Approach combining "Data Lake" accumulating raw data at low cost and manageability of DWH as "Lakehouse".

✅ Problems Addressed

  • Semi-structured / unstructured data that cannot be handled flexibly in DWH.
  • Raw data that might be discarded before ETL.
  • Want to respond to increase in Analysis / ML / Exploration use.

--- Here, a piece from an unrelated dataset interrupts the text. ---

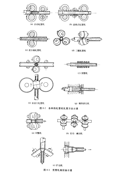 軋,管是將空心毛管軋成接近成品尺寸的荒管。常見的軋管方法有自動軋管機、連續(xù)式軋管機(全浮動式 MM、限動心棒 MPM)、皮爾格軋管機(周期式軋管機)、三輾軋管機、狄舍爾軋管機、頂管機和鋼熱擠壓機,如圖 8-2所示。

✅ Basic Philosophy & Rules

Data Lake

  • Accumulate raw data in object storage like S3/GCS.
  • Schema is applied at read time (Schema on Read).

Lakehouse

  • Enhance table management with Delta Lake / Iceberg / Hudi etc.
  • Provide DWH-like functions like ACID, version control, index.

✅ Suitable Applications

  • Data infrastructure for ML model training.
  • Massive data processing like logs and clickstreams.
  • Utilization of semi-structured data (JSON / Parquet).

❌ Unsuitable Cases

  • Operations centered on standard reports with fixed format.
  • Areas strongly requiring data governance (Lakehouse is needed).

✅ History (Genealogy / Parent Styles)

  • Data Lake → Developed into Lakehouse from challenges in actual operation.
  • Hadoop → Cloud Object Storage → Evolved to ACID Table.
  • DWH: Complement with strong schema and integrated analysis.
  • Lambda/Kappa: Integrate Lake with streaming layer.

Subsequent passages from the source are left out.